Date : 2020-12-26 10:03:11
Total : 19 files, 2474 codes, 380 comments, 375 blanks, all 3229 lines
language | files | code | comment | blank | total |
---|---|---|---|---|---|
C | 11 | 1,663 | 230 | 231 | 2,124 |
C++ | 4 | 363 | 44 | 85 | 492 |
Yacc/Bison | 1 | 240 | 79 | 31 | 350 |
Lex/Flex | 1 | 151 | 26 | 26 | 203 |
Makefile | 1 | 45 | 1 | 2 | 48 |
JSON with Comments | 1 | 12 | 0 | 0 | 12 |
- Global variable: Used to store the string stream processed by flex.
#define STRING_ALLOC_SIZE (256) /* new buffersize when buffers run out*/
static char *flex_string_buffer = NULL;
static int flex_string_buffer_size = 0;
static int flex_string_buffer_alloc_size = 0;
- Key functions: Called in flex, facilitating interaction with global variables.
/* Add a new character to the string */
void scp_add_character(int letter)
/* Clear the string buffer */
void scp_reset_string_buffer(void)
/* Terminate the string, appending \0 at the end */
char * scp_close_string(void)
-
Flex states: Includes INITIAL, COMMENT, and STRING.
- INITIAL is the default state, processing identifiers, parentheses, numbers, etc. Encounter
#
to initiate COMMENT mode, and"
to initiate STRING mode. - COMMENT is for comments, where all characters are discarded. On encountering
\n
, it returns to INITIAL. - STRING is for processing strings, the aforementioned global variables and key functions are used here. Encounter
"
again to return to INITIAL.
- INITIAL is the default state, processing identifiers, parentheses, numbers, etc. Encounter
-
Example
<INITIAL># {
/* `#` means comment mode starts */
BEGIN COMMENT;
}
<COMMENT>\n {
/* Encountering a newline in a comment indicates the end of the comment and returns to the INITIAL state */
increment_line_number();
BEGIN INITIAL;
}
<INITIAL>\" {
/* Matching the start of a string, set buffer to 0 */
flex_string_buffer_size = 0;
BEGIN STRING;
}
<STRING>\" {
/* In string state, encountering " indicates the end of the string, and the entire string is added to the expression */
Expression *expression = scp_alloc_expression(STRING_EXPRESSION);
// scp_close_string() copys current string and adds `\0` in the end
expression->u.string_value = scp_close_string();
yylval.expression = expression;
BEGIN INITIAL; // back to INITIAL State
return STRING_TOKEN;
}
- Core Data Structures:
%union {
char *identifier; /* Identifier */
ParameterList *parameter_list; /* Parameter list */
ArgumentList *argument_list; /* Argument list */
Expression *expression; /* Expression */
Statement *statement; /* Statement */
StatementList *statement_list; /* List of statements */
Block *block; /* Block, contains list of statements */
Elif *elif; /* elif expression */
IdentifierList *identifier_list; /* List of identifiers */
}
- Recursive Grammar Design is used for expression evaluation.

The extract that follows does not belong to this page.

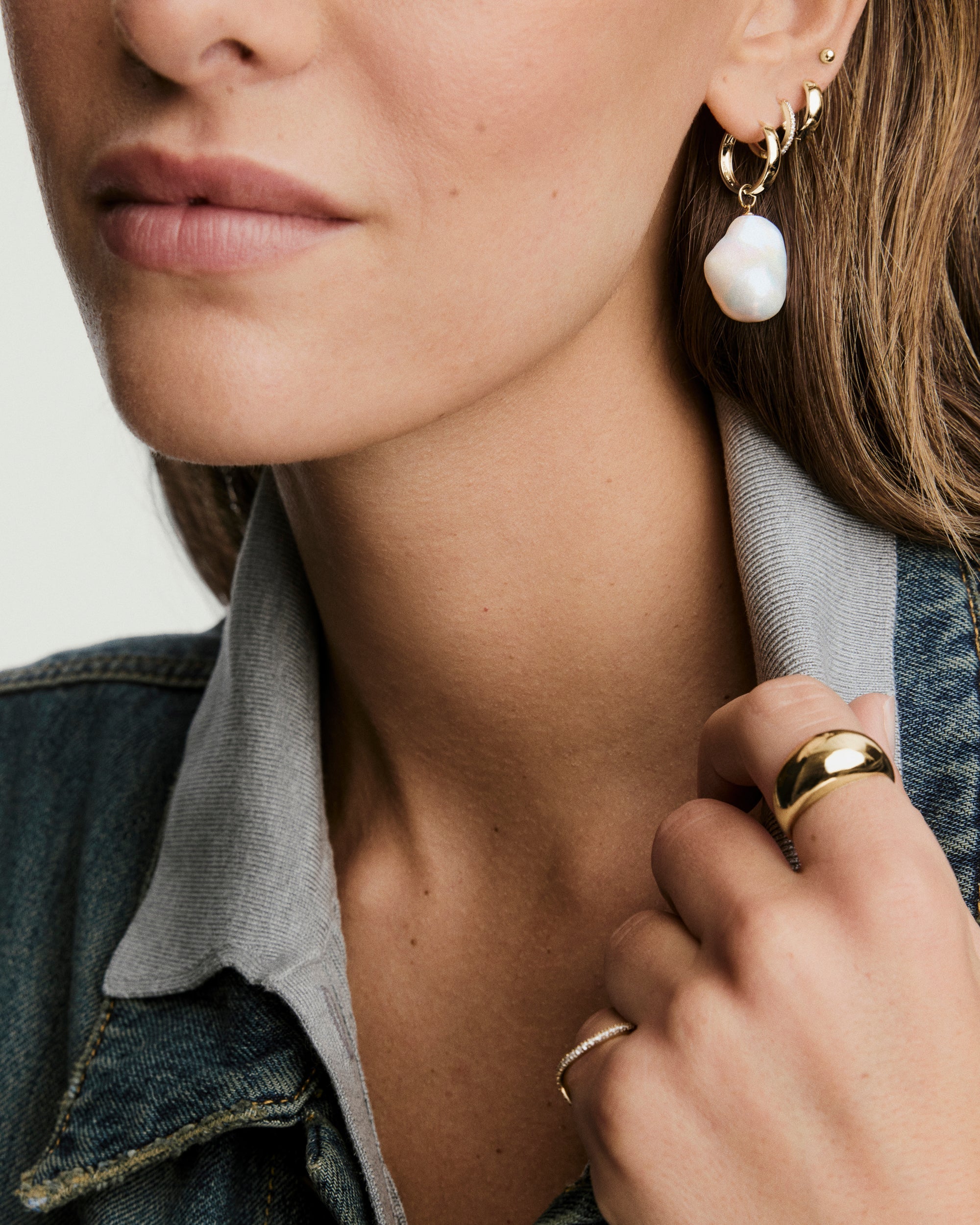 Looking for the sculptural look in an instant? You’ve found it in this statement baroque pearl charm, featuring an irregular, oversized shape—and it’s yours to match with your favorite hoops. We suggest combining with our Bold Small Hoops or Remy Gemstone Charm Hoops.

Note: The lower the priority, the higher the level in grammar design, and the later it gets calculated.
expression -> logical_or_expression -> logical_and_expression -> equality_expression
-> relational_expression -> additive_expression -> multiplicative_expression
-> unary_expression -> primary_expression
-
statment_list
— List of statements:-
A statement is parsed as an expression followed by a semicolon, in the form:
expression SEMICOLON
. It consists of 7 types of statements.| global_statement | if_statement | while_statement | for_statement | return_statement | break_statement | continue_statement
-
The list of statements chains statements together, forming an overall structure that facilitates invocation.
-
-
block
— Application of code blocks:- There are two types of blocks: one that contains a list of statements, such as {list of statements}:
LC statement_list RC
, and one that's an empty block, like {}:LC RC
. - Once a block is declared, it can be flexibly used in function definitions, loops, etc.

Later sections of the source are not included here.